Прямой зондовый секретиново-холецистокининовый тест является золотым стандартом диагностики ферментной недостаточности поджелудочной железы. Метод основан на стимуляции секреции поджелудочной железы введением секретина и холецистокинина, с последующим забором нескольких проб дуоденального содержимого с интервалом 10 минут. В полученных образцах исследуется активность и скорость панкреатической секреции, уровень бикарбонатов, цинка, лактоферрина. В норме прирост объема секрета после теста составляет 100%, прирост уровня бикарбонатов – не менее 15%. О ферментной недостаточности поджелудочной железы говорит прирост объема секрета менее 40%, отсутствие прироста уровня бикарбонатов. Ложноположительные результаты возможны при сахарном диабете, целиакии , гепатите , после резекции части желудка.

Непрямой зондовый тест Лунда схож с предыдущим методом, но стимуляция панкреатической секреции производится путем введения в зонд пробной пищи. Данное исследование провести проще (не требует инъекции дорогостоящих препаратов), однако результаты его в значительной мере зависят от состава пробной пищи. Ложноположительный результат возможен при наличии у пациента сахарного диабета, целиакии, гастростомы .

В основе беззондовых методов лежит введение в организм определенных веществ, способных взаимодействовать с ферментами в моче и сыворотке крови. Исследование продуктов метаболизма данного взаимодействия дает возможность оценить внешнесекреторную функцию поджелудочной железы. К беззондовым тестам относят бентирамидный, панкреато-лауриловый, йодолиполовый, триолеиновый и другие методы.

Кроме того, определить уровень панкреатической секреции можно и косвенными методами: по степени поглощения плазменных аминокислот поджелудочной железой, путем качественного анализа копрограммы (будет повышено содержание нейтральных жиров и мыла на фоне нормального уровня жирных кислот), количественного определения в кале жира, фекального химотрипсина и трипсина, эластазы-1.
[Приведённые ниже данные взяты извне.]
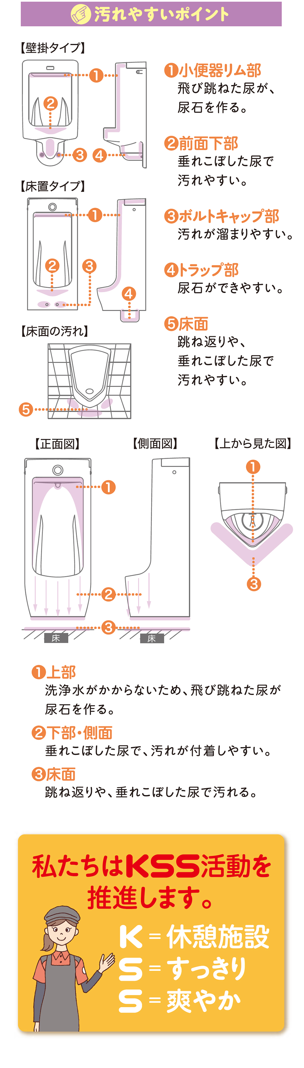 小便器の汚れやすいポイント
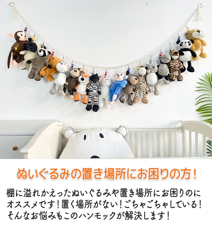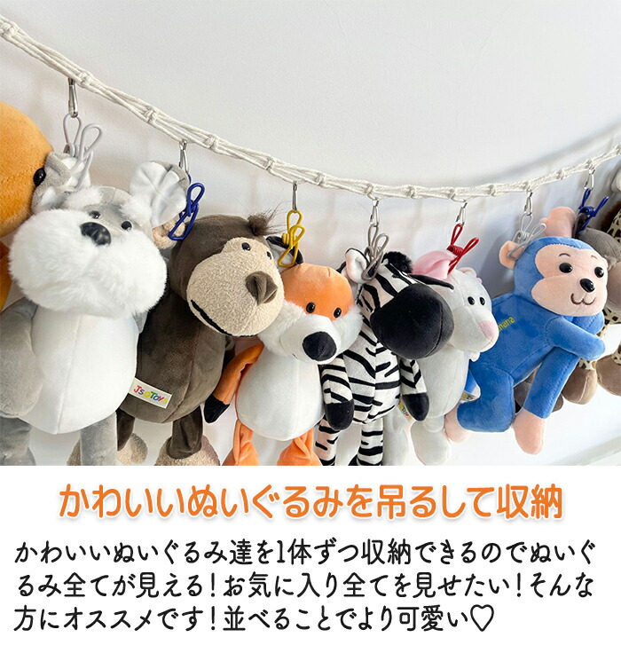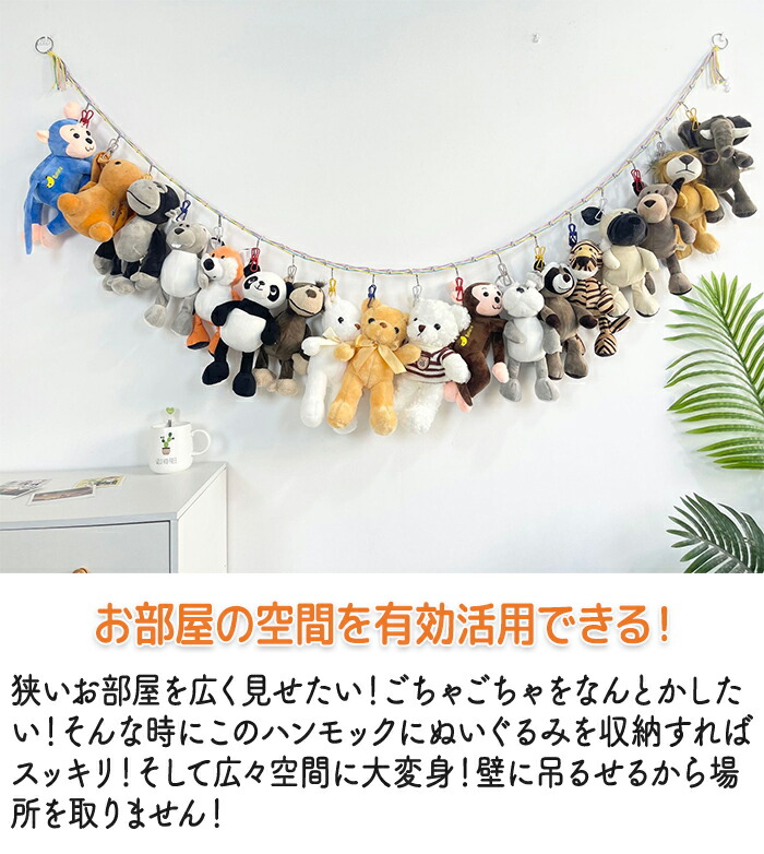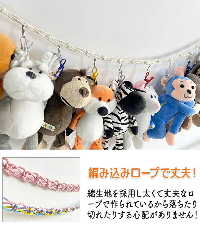 ぬいぐるみ吊り下げ収納 スッキリ整理整頓 ぬいぐるみ収納 壁掛けでぬいぐるみもスッキリ おもちゃ ドア掛け収納 見せる収納 装飾 高耐久 省スペース 多機能 多用途 取付簡単 ロープ

Инструментальные методы диагностики (рентгенография органов брюшной полости , МРТ, КТ, УЗИ поджелудочной железы и гепатобилиарной системы, ЭРХПГ) используются для выявления основного и сопутствующих заболеваний.

Лечение ферментной недостаточности

Лечение экзокринной панкреатической недостаточности должно быть комплексным, включать коррекцию нутритивного статуса, этиотропную и заместительную терапию, симптоматическое лечение. Этиотропная терапия направлена, в основном, на предотвращение прогрессирования гибели паренхимы ПЖ. Коррекция пищевого поведения заключается в исключении употребления алкоголя и табакокурения, увеличении количества белка в рационе до 150г/сут., сокращении количества жиров как минимум вдвое от физиологической нормы, приеме витаминов в лечебных дозировках. При выраженном истощении может потребоваться частичное либо полное парентеральное питание.

Основным методом лечения ферментной недостаточности поджелудочной железы является пожизненный заместительный прием ферментов с пищей. Показания к заместительной ферментной терапии при панкреатической недостаточности: стеаторея с потерей более 15 г жира в стуки, прогрессирующая белково-энергетическая недостаточность.

Наибольшей эффективностью на сегодняшний день обладают микрогранулированные ферментные препараты в кислотоустойчивой оболочке, заключенные в желатиновую капсулу – капсула растворяется в желудке, создавая условия для равномерного перемешивания гранул препарата с пищей. В ДПК, при достижении уровня рН 5,5, содержимое гранул высвобождается, обеспечивая достаточный уровень панкреатических ферментов в дуоденальном соке. Дозировки препаратов подбираются индивидуально, в зависимости от тяжести заболевания, уровня панкреатической секреции. Критериями эффективности заместительной терапии и адекватности дозировок ферментных препаратов является увеличение веса, уменьшение метеоризма, нормализация стула.

Прогноз и профилактика

Прогноз при панкреатической недостаточности обусловлен выраженностью основного заболевания и степенью поражения паренхимы поджелудочной железы. Учитывая тот факт, что ферментная недостаточность поджелудочной железы развивается при гибели значительной части органа, прогноз обычно сомнительный. Предупредить развитие данного состояния можно путем своевременной диагностики и лечения заболеваний поджелудочной железы, отказа от приема алкоголя, курения.